Aalto University: Design builds transformation capacity

Design provides useful tools to structure complex problems, quickly make ideas concrete, and work across organisational boundaries. It focuses on how development makes things desirable, viable and feasible, and how sustainability perspectives are brought to the center of products and services.

Though Finland is recognised for its strong technological know-how, fewer people realise that Aalto University also ranks as a global leader in the field of design (#6 in the 2021 & 2022 QS rankings). Designing Change is a quick and readable cross-section of Aalto’s world-class design research.

Design is a useful tool in any industry – for any organisation that wants to become more user-centric and learn to work more flexibly. Today, designers use systems thinking, empathy and foresight to increase an organisations’ understanding of customers and its strategic readiness for change. They also make new perspectives and opportunities on change visible.

Professor Anna Valtonen, an experienced senior leader at both Nokia and Aalto University, edited the book together with Petra Nikkinen. More than 30 professors, university teachers and researchers present their latest thinking in design research through examples. The book is especially recommended for corporate management and decision-makers, as well as potential design students.
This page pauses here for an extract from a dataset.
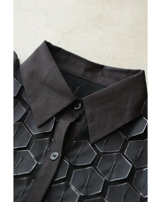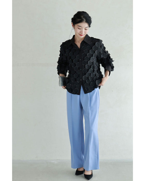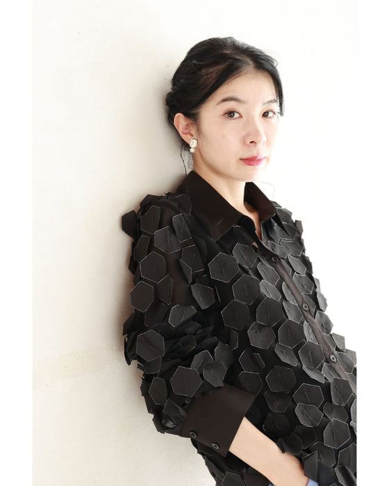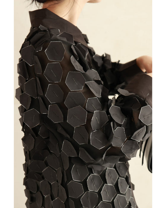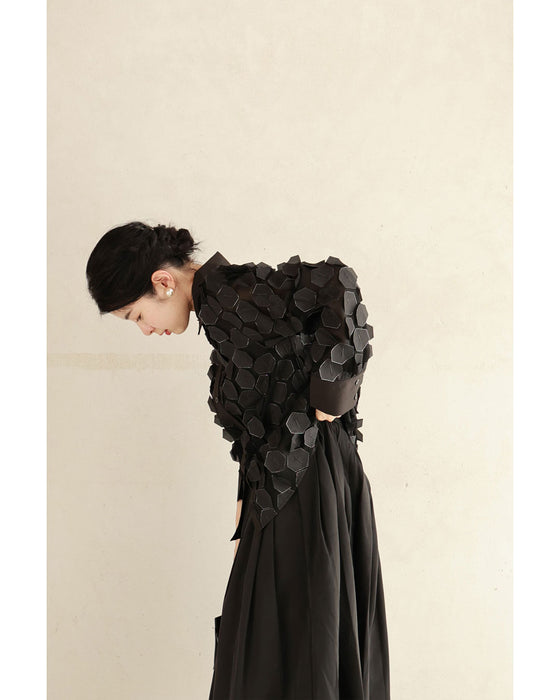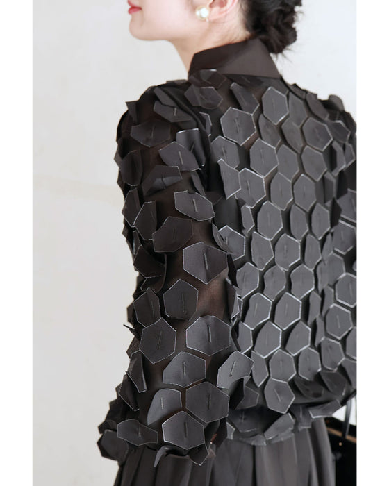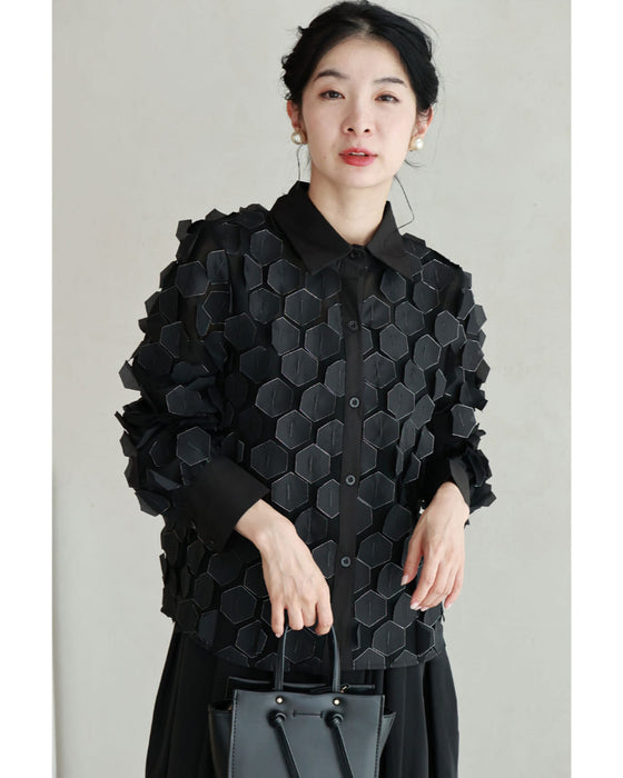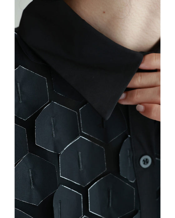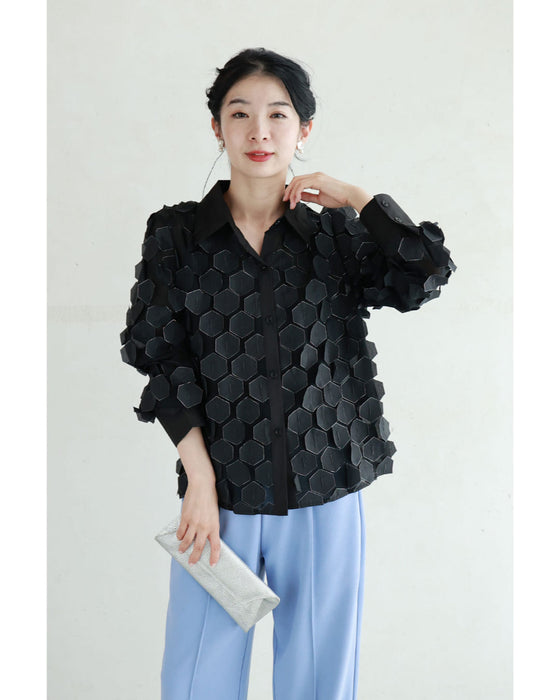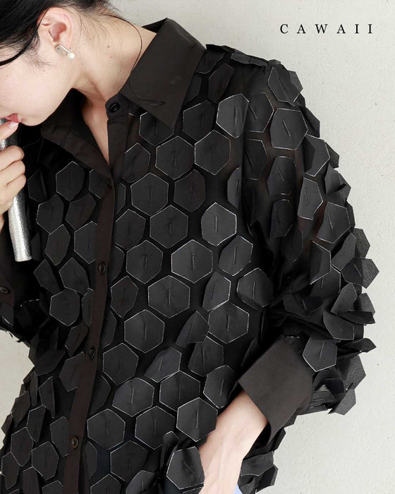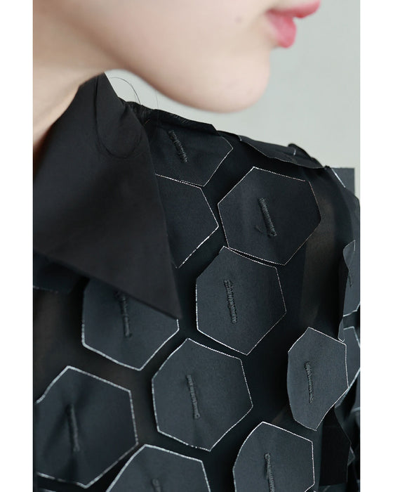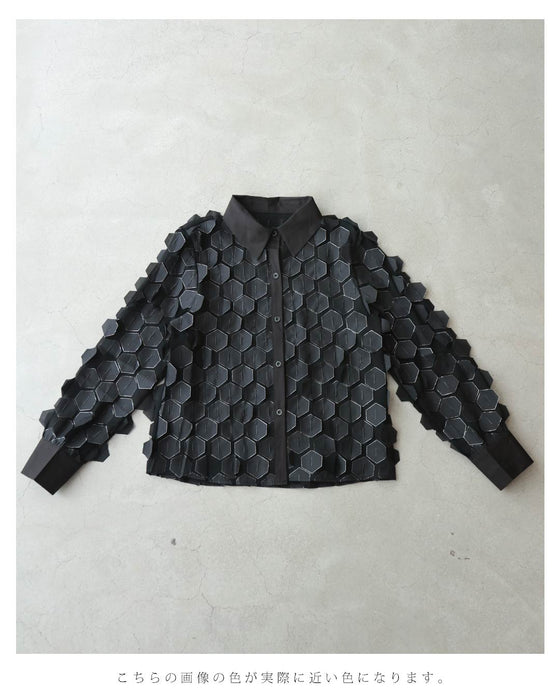 立体に浮かぶ六角形シャツトップス

Design is envisioning, creating and implementing
Big changes are also huge opportunities for organisations, and Designing Change focuses on the value of design in different contexts. For example, İdil Gaziulusoy writes about systemic changes that affect the future of societies as a whole. Alternative visions of future socio-technical and ecological systems can help to understand, motivate, and manage tense transitions.

Sampsa Hyysalo’s group has developed a co-visioning process that crosses organisational boundaries. The process has been successfully applied at the national, regional and municipal levels in the preparation of Finland’s high-level strategies on energy transition, low-carbon transport and biodiversity.

Kirsi Niinimäki presents a practical example of building a systemic transformation: creating paths from fast fashion to a more sustainable textile and fashion business.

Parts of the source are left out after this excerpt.